I've worked with very poor horses a lot over the years, from the 60's.  I find using Blue Chip has helped a lot and makes it a lot easier and quicker to actually see a difference as there's a lot going on inside but you don't see much happening on the outside for quite some time.  Because it's only small amounts, it's also better for the horse too.  Whereas before, it could take up too a year to be back to proper weight and looking a picture because you can't just pump them full of food, that could be fatal; it has to be the right stuff in small amounts for them.  With BC, you still give your small feeds but the added 'goodies' in that, go deep and help them digest it, so making better use of it, which gives them a settled digestive system which in turn makes them look and feel tons better a lot quicker in my experience.  
Even with all the baths and titivating under the sun, if a horse is not right on the inside, it'll not look right on the outside; you only get out what you put in.

Up until this year, I have also used it at weaning time and for the first winter for the foals which has helped a lot in keeping them calm and not dropping weight like they sometimes can when they come off the mare.  With only one foal to wean which is already with three weaned foals and being the calm sort she is, I don't think there'll be much need of it but I will have some in just in case; they can always surprise you!

Personally, I do rate it, worth every penny in those circumstances (poor, unthrifty or weaning) but I don't use it as a normal feed all of the time, I have too many but if I only had the one, I'd feed it year round without a doubt.


----------



## Kenzo (20 August 2008)

Thank you, some good info there and I appreciate you have taken time to share your views on it.
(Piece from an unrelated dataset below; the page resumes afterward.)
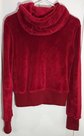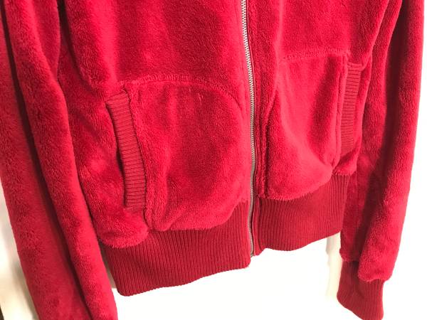 BB Dakota Red Plush Zip-Up Jacket With Hood And Pockets. Size: M

Don't want anyone to get the wrong impression here by the way, I'm not knocking it, nor the before of after pics on the site, I just wanted to hear recomendations/opinions etc from people that have started there horses on it that are already looking well but perhaps wanted see if they blossomed any more and if its definately worth feeding etc...if you see what I mean.

Many Thanks


----------



## Theresa_F (20 August 2008)

I use equilbra - and yes it does give good results.  Cairo had it and really perked up in the last months on it.

Chancer has it too and has really put on a lot of muscle and topline - yes he is worked more but not a huge amount more than before he started it so it does do something.

Was also good on my TB mare who was a delicate flower.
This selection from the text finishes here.